→ ASSIGNED TASK: An exact copy is needed of the lines in the entries below from the line with "Das witterungsbeständige und" up to and including the line with "季節により運賃に変動がありま", and of nothing else. Leave the pictures out.

→ THE DATA:
*** Block opens ***

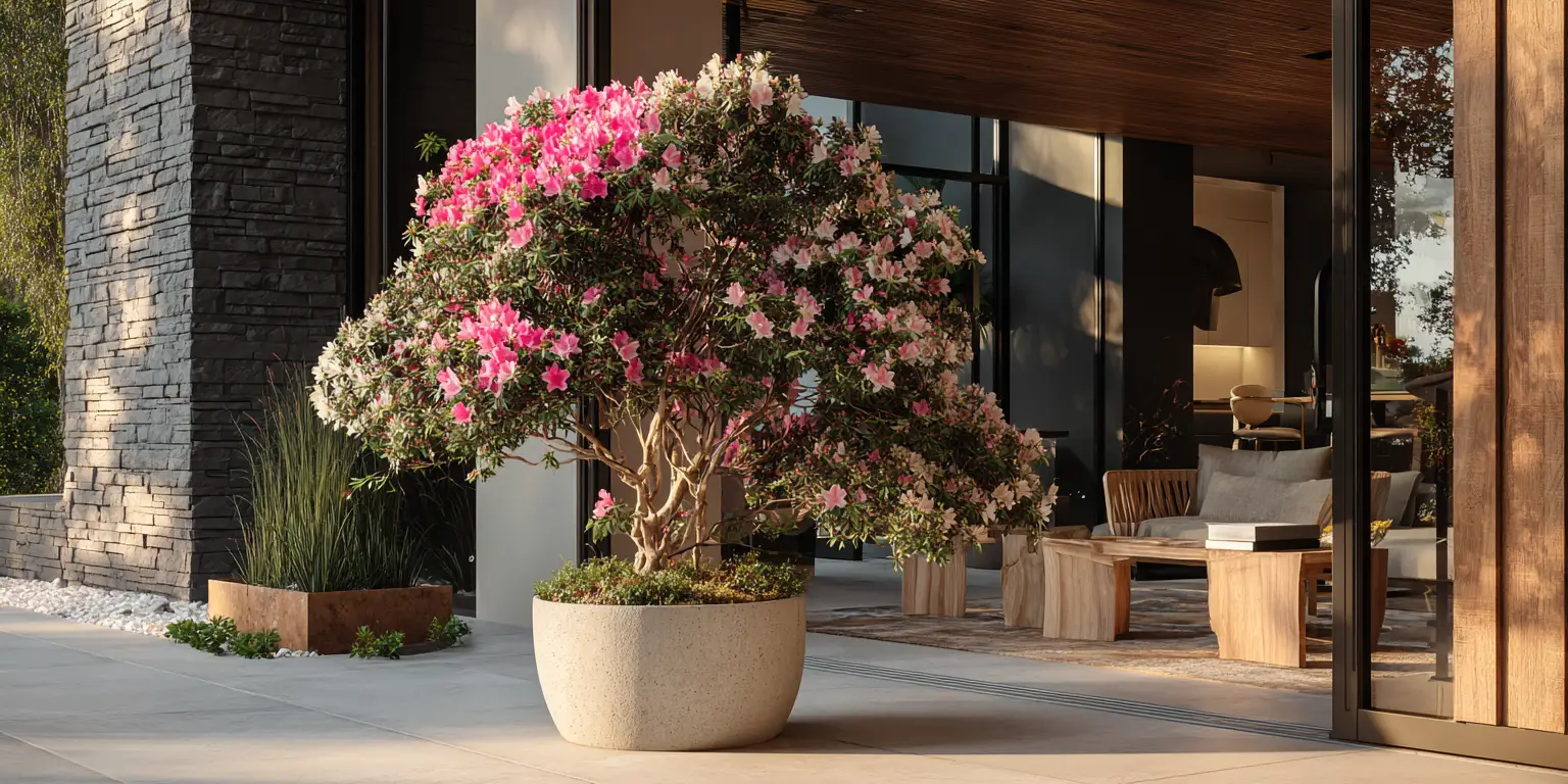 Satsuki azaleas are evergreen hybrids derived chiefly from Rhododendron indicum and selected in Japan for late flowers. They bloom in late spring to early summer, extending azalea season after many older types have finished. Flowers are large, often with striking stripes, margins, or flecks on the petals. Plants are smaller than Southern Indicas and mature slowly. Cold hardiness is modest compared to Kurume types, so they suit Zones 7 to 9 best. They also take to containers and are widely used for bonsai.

*** Block closes ***
*** Block opens ***

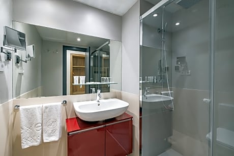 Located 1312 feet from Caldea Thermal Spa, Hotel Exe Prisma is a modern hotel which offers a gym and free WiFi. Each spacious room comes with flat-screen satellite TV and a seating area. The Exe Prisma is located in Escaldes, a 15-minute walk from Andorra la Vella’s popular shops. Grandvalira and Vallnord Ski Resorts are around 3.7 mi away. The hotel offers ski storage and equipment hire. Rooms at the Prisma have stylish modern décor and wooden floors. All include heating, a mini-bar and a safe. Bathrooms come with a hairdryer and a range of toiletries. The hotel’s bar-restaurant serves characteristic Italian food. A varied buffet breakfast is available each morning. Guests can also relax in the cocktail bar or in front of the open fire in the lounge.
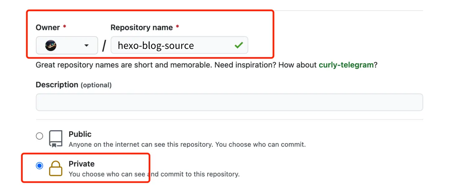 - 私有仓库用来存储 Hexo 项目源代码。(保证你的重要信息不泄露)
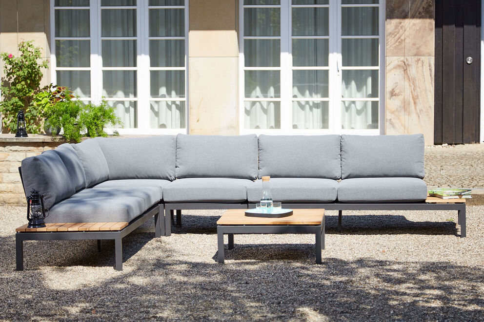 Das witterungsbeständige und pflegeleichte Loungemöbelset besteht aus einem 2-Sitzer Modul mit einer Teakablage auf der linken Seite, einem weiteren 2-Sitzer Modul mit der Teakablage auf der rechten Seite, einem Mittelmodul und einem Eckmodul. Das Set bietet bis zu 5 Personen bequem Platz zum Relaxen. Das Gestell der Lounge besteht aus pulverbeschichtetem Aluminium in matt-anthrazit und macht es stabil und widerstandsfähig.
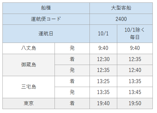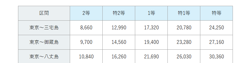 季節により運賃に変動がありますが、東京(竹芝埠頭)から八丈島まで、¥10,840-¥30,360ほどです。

*** Block closes ***

→ YOUR RESPONSE:
 Das witterungsbeständige und pflegeleichte Loungemöbelset besteht aus einem 2-Sitzer Modul mit einer Teakablage auf der linken Seite, einem weiteren 2-Sitzer Modul mit der Teakablage auf der rechten Seite, einem Mittelmodul und einem Eckmodul. Das Set bietet bis zu 5 Personen bequem Platz zum Relaxen. Das Gestell der Lounge besteht aus pulverbeschichtetem Aluminium in matt-anthrazit und macht es stabil und widerstandsfähig.
 季節により運賃に変動がありますが、東京(竹芝埠頭)から八丈島まで、¥10,840-¥30,360ほどです。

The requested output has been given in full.